(Beginning of Data for this exercise)

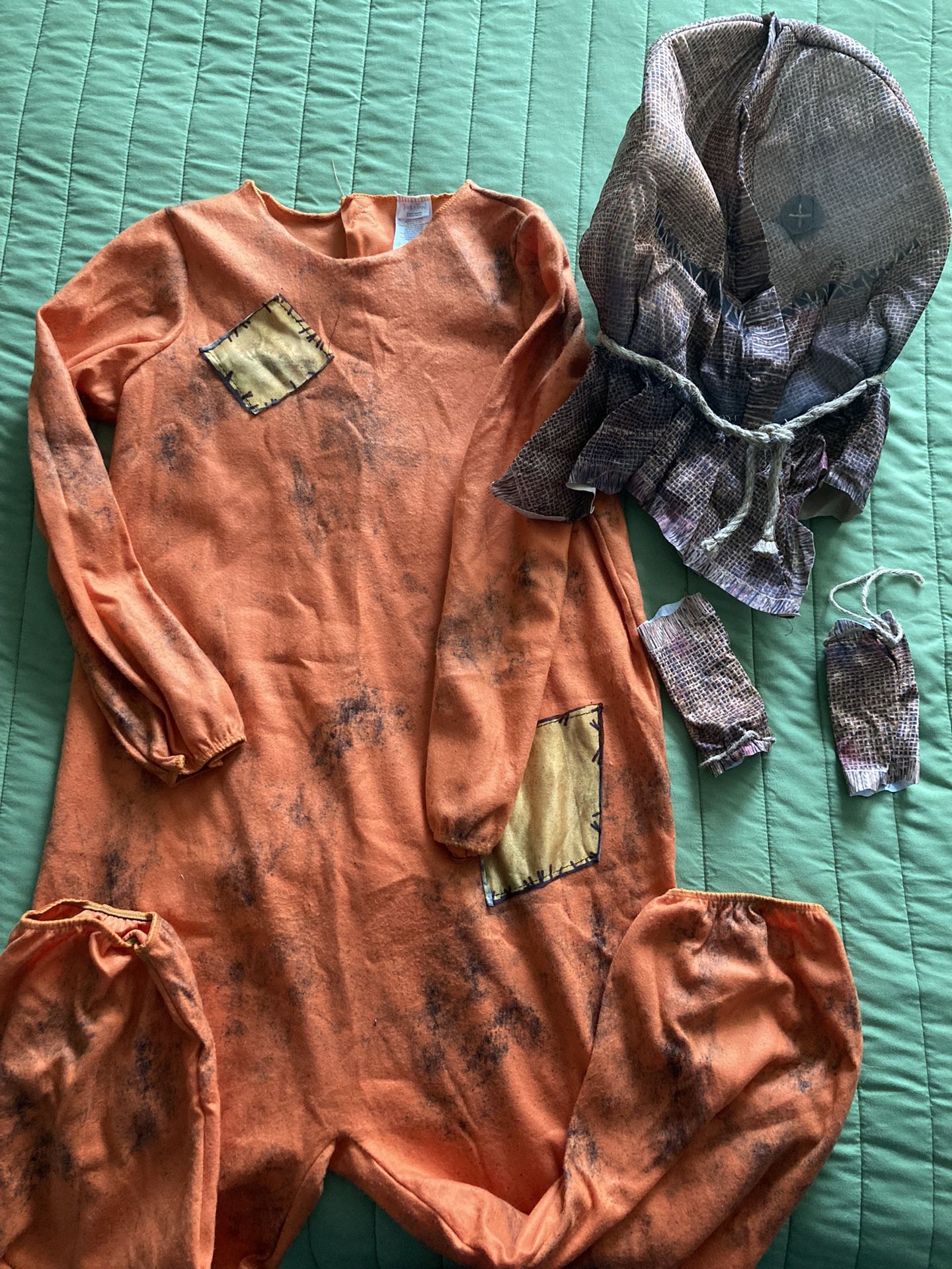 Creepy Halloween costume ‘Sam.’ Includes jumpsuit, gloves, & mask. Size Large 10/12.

(End of Data for this exercise)
(Beginning of Data for this exercise)

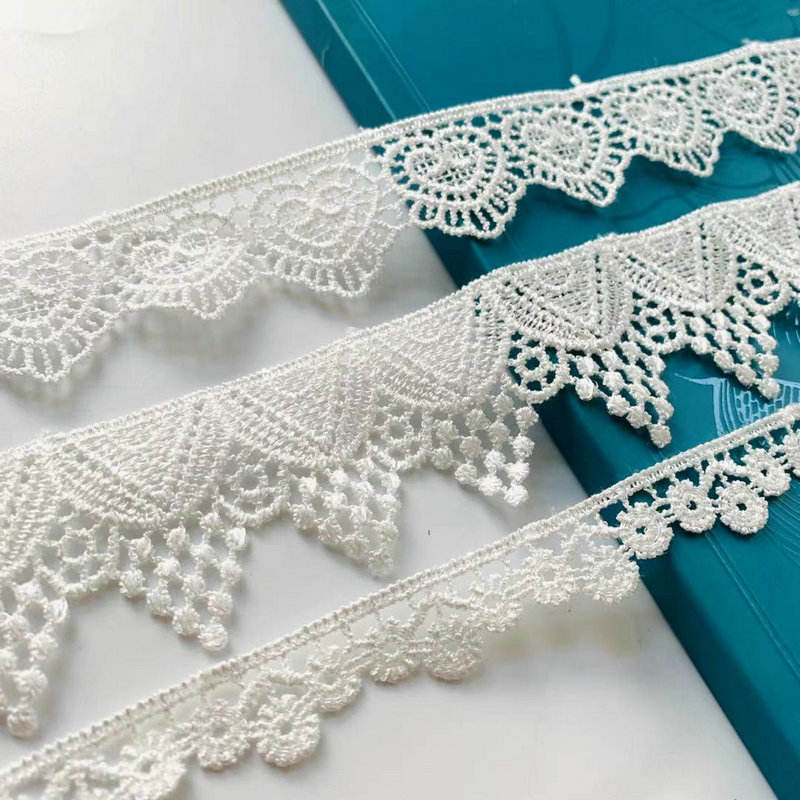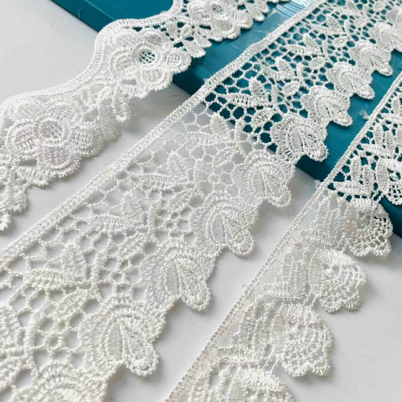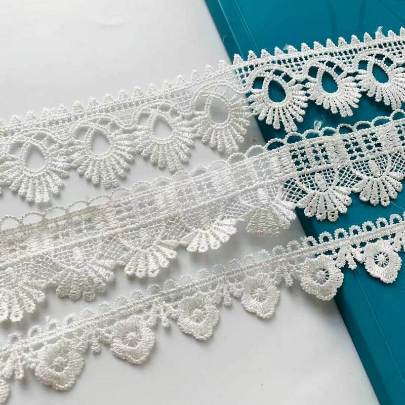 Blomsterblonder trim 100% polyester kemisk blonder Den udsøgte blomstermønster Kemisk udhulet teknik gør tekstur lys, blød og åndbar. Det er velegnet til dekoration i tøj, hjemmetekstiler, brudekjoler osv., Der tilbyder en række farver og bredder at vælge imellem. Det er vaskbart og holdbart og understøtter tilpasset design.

(End of Data for this exercise)
(Beginning of Data for this exercise)

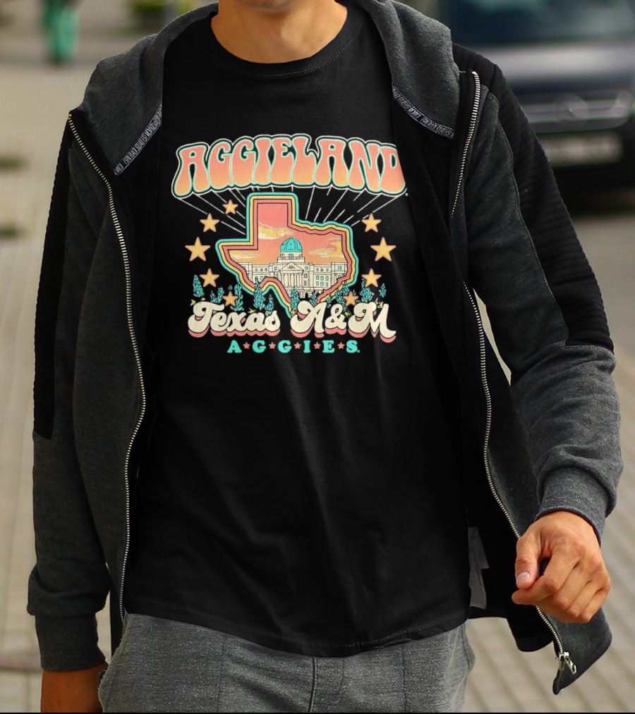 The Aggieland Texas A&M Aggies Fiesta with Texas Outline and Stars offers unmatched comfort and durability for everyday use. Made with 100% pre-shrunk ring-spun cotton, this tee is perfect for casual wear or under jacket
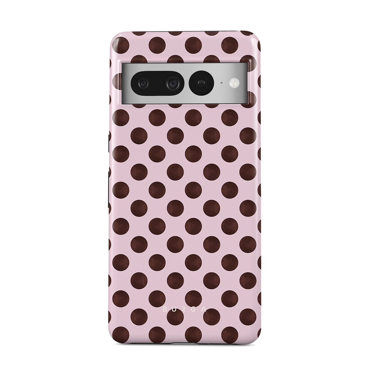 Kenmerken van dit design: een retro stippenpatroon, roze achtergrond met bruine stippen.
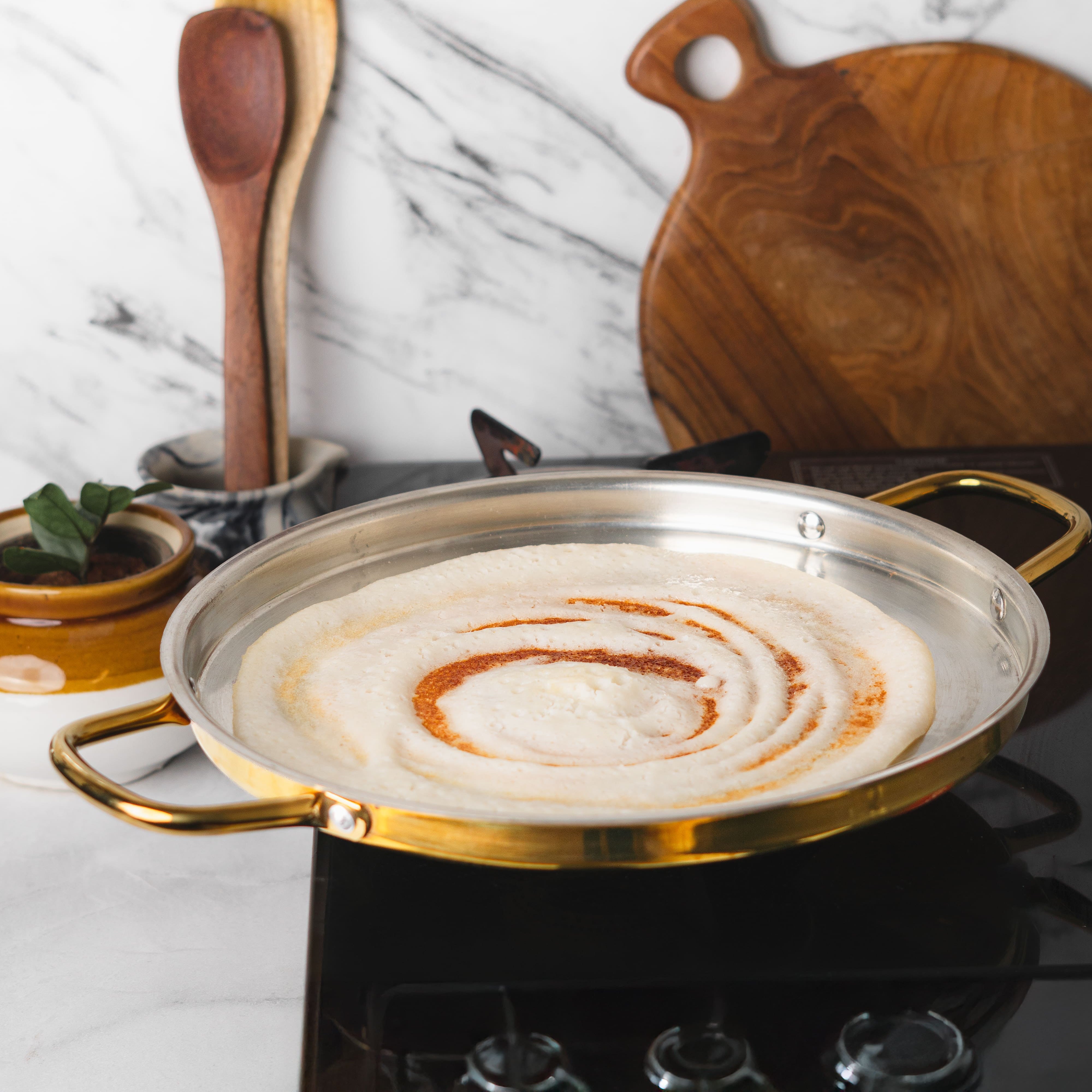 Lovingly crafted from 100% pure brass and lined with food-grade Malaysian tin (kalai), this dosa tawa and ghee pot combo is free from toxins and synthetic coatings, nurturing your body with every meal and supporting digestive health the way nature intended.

(End of Data for this exercise)

= Try it =
Print nothing but the lines above starting with the line that contains "Kenmerken van dit" and going on through the line that contains "Lovingly crafted from". Leave out the pictures.

= Answer for this exercise =
 Kenmerken van dit design: een retro stippenpatroon, roze achtergrond met bruine stippen.
 Lovingly crafted from 100% pure brass and lined with food-grade Malaysian tin (kalai), this dosa tawa and ghee pot combo is free from toxins and synthetic coatings, nurturing your body with every meal and supporting digestive health the way nature intended.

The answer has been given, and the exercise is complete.